Flow this Tutorial for More Information.

Lines for parameter file

Step_Name:                              # Name of this step
    module: DeSeq2                      # Name of the used module
    base:                               # Name of the step [or list of names] to run after with count results.
    script_path:                        # Command for running the a DeSeq2 script
                                        # If this line is empty or missing it will try using the module's associated script
    use_click:                          # Will use the CLICK clustering program (Shamir et al. 2000). 
        --SAMPLE_DATA_FILE:             # Path to Samples Information File
        --GENE_ID_TYPE:                 # The Gene ID Type i.e 'ENSEMBL'[for Bioconductor] OR 'ensembl_gene_id'/'ensembl_transcript_id' [for ENSEMBL]
        --Annotation_db:                # Bioconductor Annotation Data Base Name from https://bioconductor.org/packages/release/BiocViews.html#___OrgDb  
        --Species:                      # Species Name to Retrieve Annotation Data from ENSEMBL
        --KEGG_Species:                 # Species Name to Retrieve Annotation Data from KEGG
        --KEGG_KAAS:                    # Gene to KO file from KEGG KAAS [first column gene id, second column KO number]
        --Trinotate:                    # Path to a Trinotate annotation file in which the first column is the genes names
        --FILTER_SAMPLES:               # Filter Samples with Low Number of expressed genes OR with Small Library size using 'scater' package 
        --FILTER_GENES:                 # Filter Low-Abundance Genes using 'scater' package
        --NORMALIZATION_TYPE:           # The DeSeq2 Normalization Type To Use [VSD , RLOG] The Default is VSD
        --BLIND_NORM:                   # Perform Blind Normalization
        --DESIGN:                       # The Main DeSeq2 Design [ ~ Group ]
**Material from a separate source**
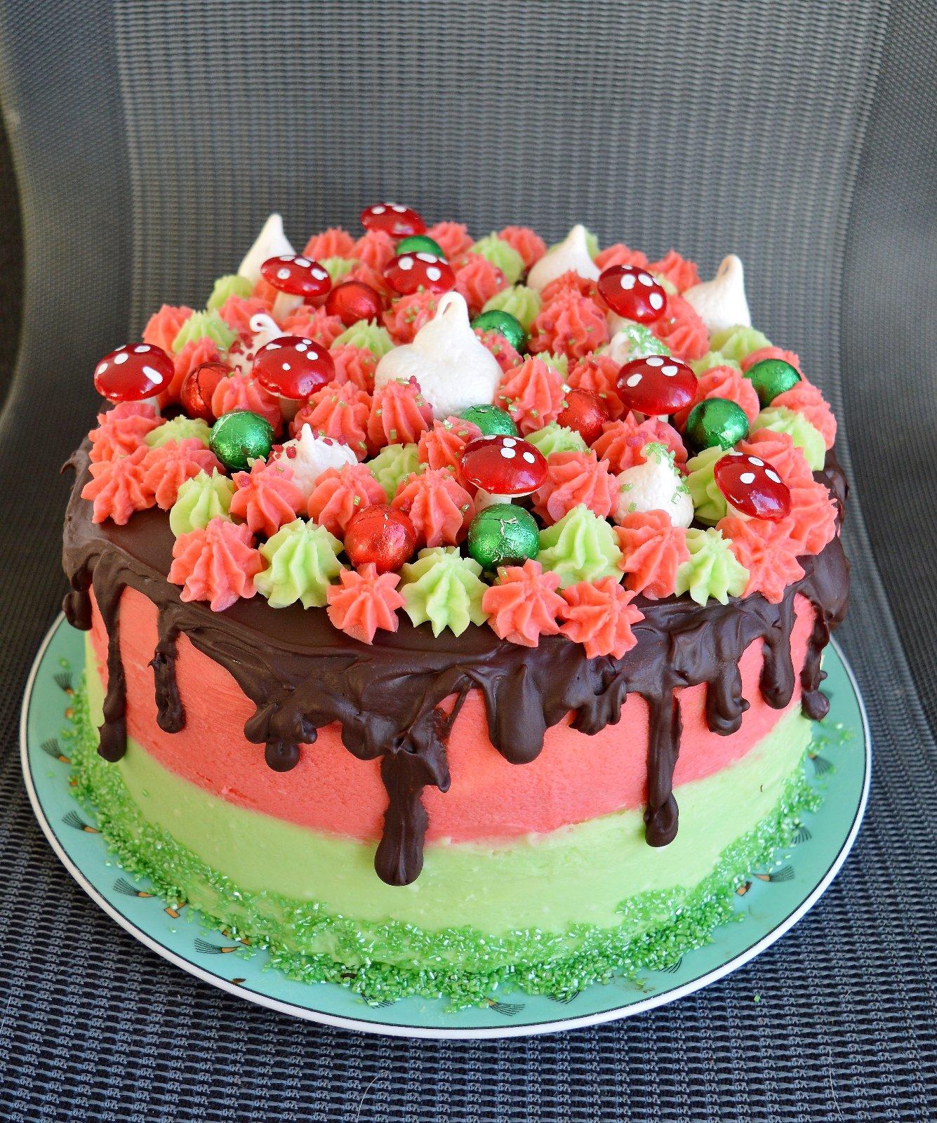 @angelika4 gulky coko su kupene a aj tie hribiky, inak su tam len merinque cookies tie biele to mas len bielko s cukrom a trochu limetkovej aromy a zvysok cervene a zelene su len zvysky masloveho kremu co je po stranach do sacika s tou pipetou ci ako sa to prelozi na kvety a povytlacat. Par trblietok a hotovo

        --removeBatchEffect             # Will Remove Batch Effect from the Normalized counts data up to 2 
                                        # [using the limma package and only one using the sva package]
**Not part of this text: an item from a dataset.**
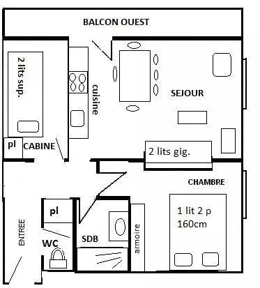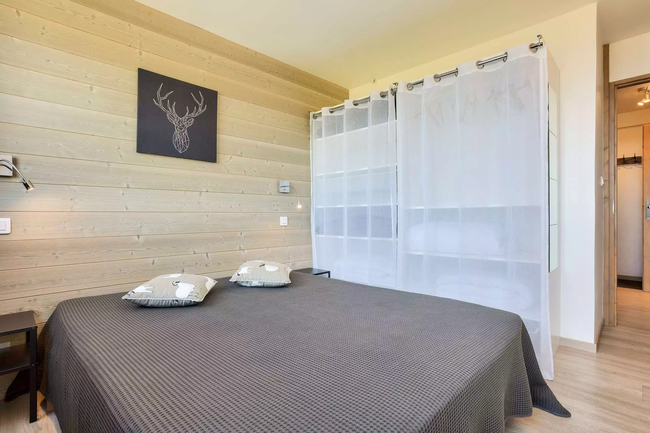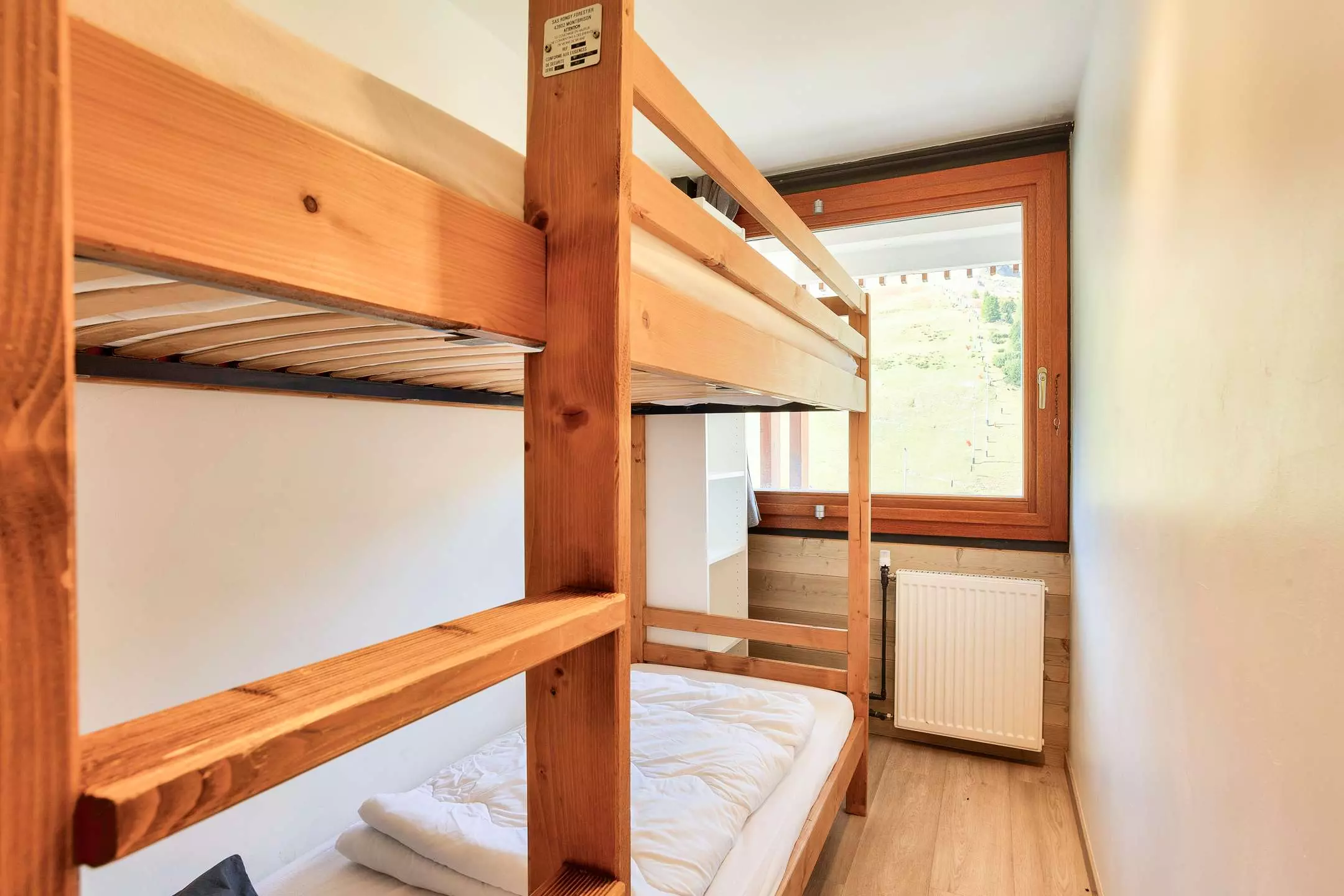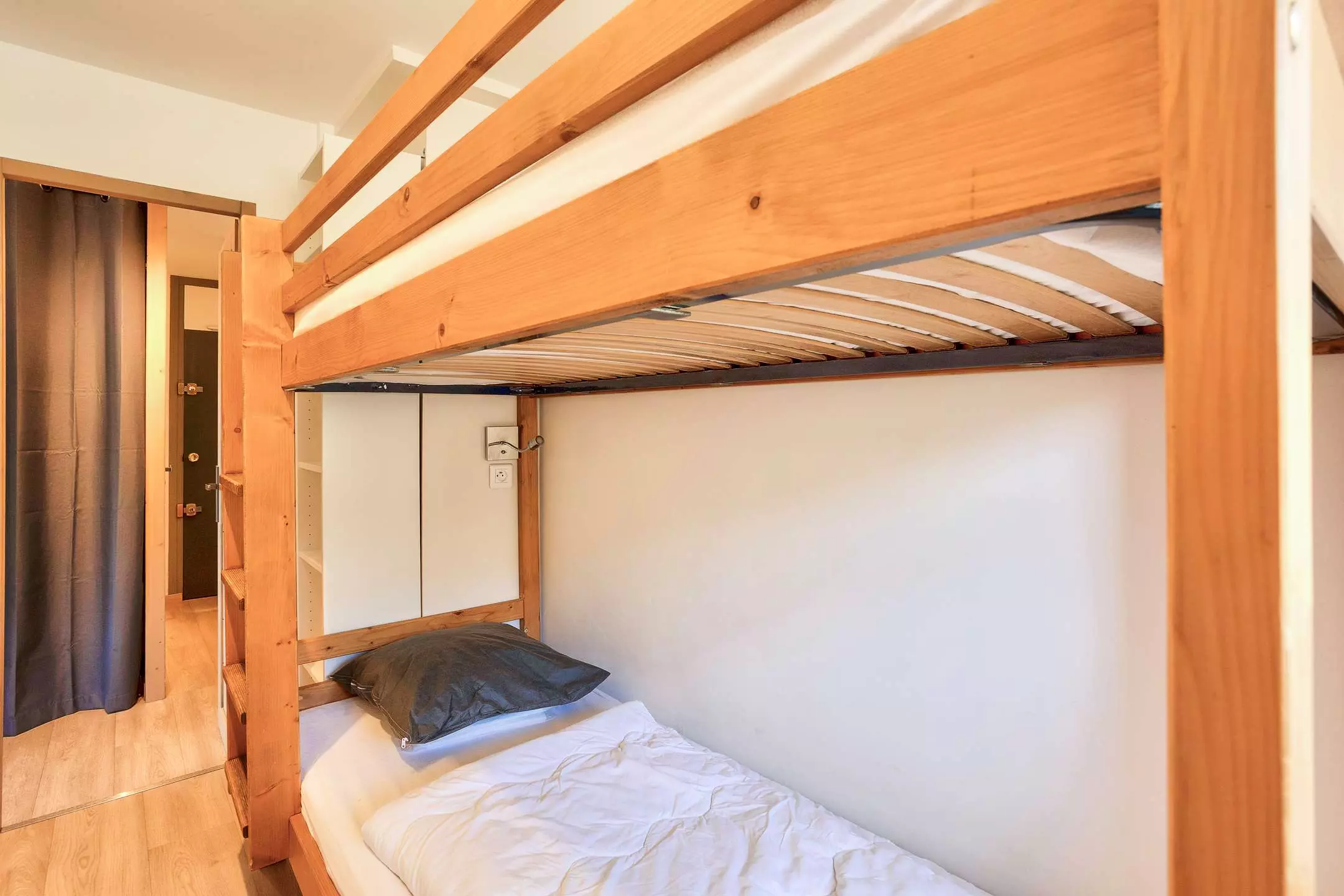 Studio cabine 3/4 pers. 23m2, balcon exposé Sud, vue sur les pistes et la station - 1er étage avec ascenseur - Cuisine dans séjour : cuisinière avec 4 plaques électriques et four et petit lave-vaisselle, réfrigérateur, micro-ondes - Séjour : canapé-lit 2 pers, coin repas, TV - Cabine (avec fenêtre) : 2 lits superposés, TV - Salle de bains : douche - WC inclus. Literie : couvertures + 2 couettes simples. Appartement non fumeur. En option et en supplément: Ménage de fin de séjour, draps, serviettes, forfaits ski.

                                        # Batch Effect fields [from the Sample Data ] separated by , 
        --removeBatchEffect_method      # The method to Remove Batch Effect from the Normalized counts data using the limma or sva packages [sva is the default]
        --LRT:                          # The LRT DeSeq2 Design
        --ALPHA:                        # Significant Level Cutoff, The Default is 0.05
        --Post_statistical_ALPHA        # Post Statistical P-value Filtering
        --FoldChange:                   # Fold change Cutoff [testing for fold changes greater in absolute value], The Default is 1
        --Post_statistical_FoldChange   # Post Statistical Fold change Filtering
        --CONTRAST:                     # The DeSeq Contrast Design ["Group,Treatment,Control"] [Not For LTR] .
                                        # It is possible to define more then one contrast Design ["Group,Treatment1,Control1|Group,Treatment2,Control2|..."]
        --SPLIT_BY_CONTRAST             # Only use Samples found in the relevant contrast for Clustering and Enrichment Analysis
        --modelMatrixType:              # How the DeSeq model matrix of the GLM formula is formed [standard or expanded] ,The Default is standard
        --GENES_PLOT:                   # Genes Id To Plot count Data [separated by ','] 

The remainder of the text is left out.